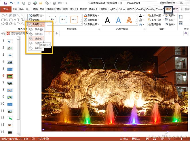 先选中图片,然后按住Shift不放,拖动选中所有图形,切换到“格式”选项卡(图9),选择“合并图形”下的“拆分”,将大图拆分小图,最后删除图片中不需要的部分,此时就会剩下蜂窝图。
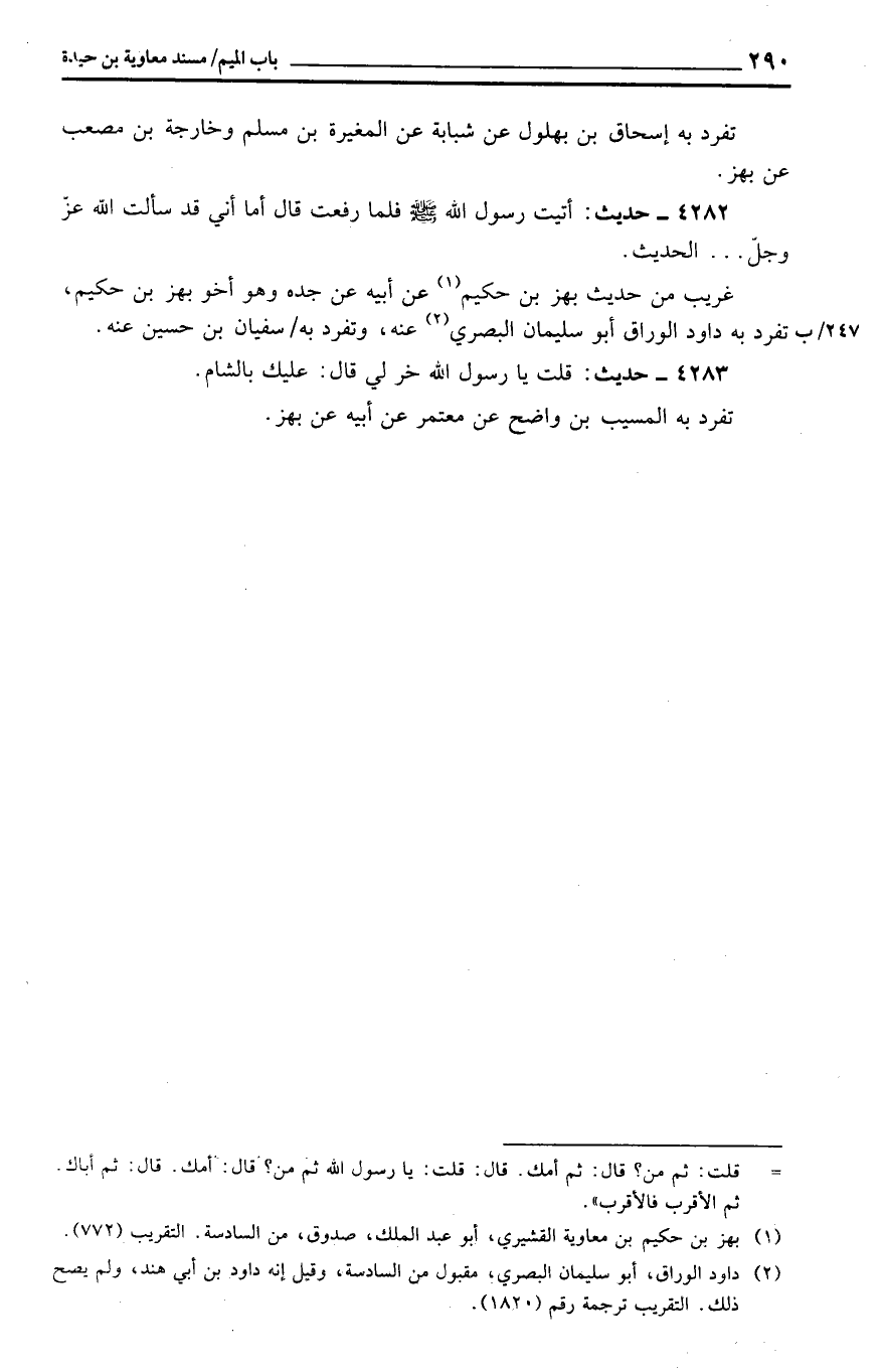 غَرِيب من حَدِيث بهز بن حَكِيم عَن أَبِيه عَن جده وَهُوَ أَخُو بهز بن حَكِيم، تفرد بِهِ دَاوُد الْوراق أَبُو سُلَيْمَان الْبَصْرِيّ عَنهُ، وَتفرد بِهِ / سُفْيَان بن حُسَيْن عَنهُ.
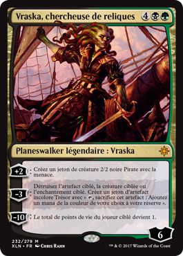 Et pour finir, voici le retour d'une ancienne gloire ! Bon, ce come-back n'est pas forcément tonitruant : d'abord, un +2 pour créer un jeton 2/2 Pirate. Si cette capacité est loin d'être mauvaise, on peut se poser la question d'un deck Pirates avec un planeswaker au dans son coût : il n'y a pas un seul pirate en vert !
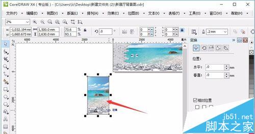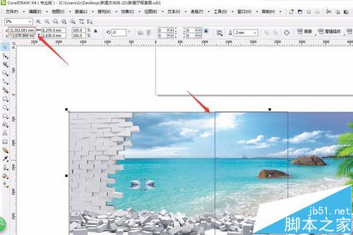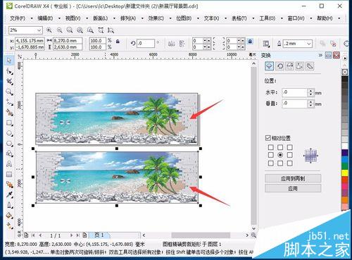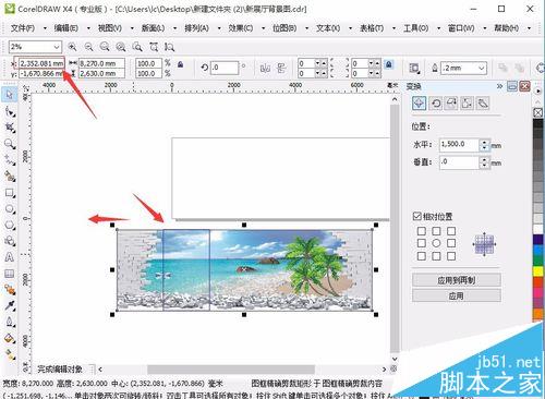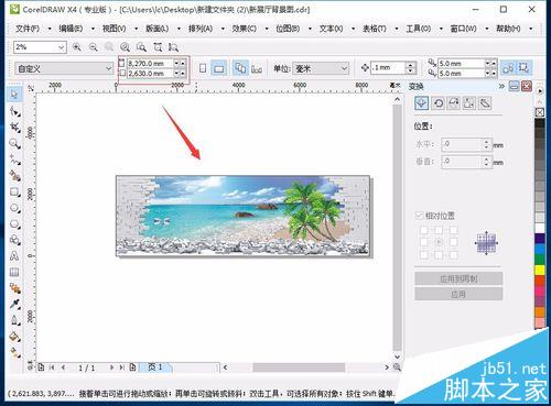 1、CorelDRAW设计好的大尺寸图片画面后,如下图,图片素材的尺寸为8270mmX2630mm,大尺寸如果整张图片完成导出JPG图档的话,文件容量会比较大,同时大尺寸的图片常用的喷绘机写真机无法进行整图完整尺寸进行喷绘打印输出。除非使用大幅宽的喷绘机与大尺寸的纸张喷绘材料才可以进行完整打印。

ABOUT THIS TASK: Find the line containing "Et pour finir, voici" in the listing above. Please restate word for word that line through the last one, leaving out the pictures.

ANSWER FOR THE TASK:
 Et pour finir, voici le retour d'une ancienne gloire ! Bon, ce come-back n'est pas forcément tonitruant : d'abord, un +2 pour créer un jeton 2/2 Pirate. Si cette capacité est loin d'être mauvaise, on peut se poser la question d'un deck Pirates avec un planeswaker au dans son coût : il n'y a pas un seul pirate en vert !
 1、CorelDRAW设计好的大尺寸图片画面后,如下图,图片素材的尺寸为8270mmX2630mm,大尺寸如果整张图片完成导出JPG图档的话,文件容量会比较大,同时大尺寸的图片常用的喷绘机写真机无法进行整图完整尺寸进行喷绘打印输出。除非使用大幅宽的喷绘机与大尺寸的纸张喷绘材料才可以进行完整打印。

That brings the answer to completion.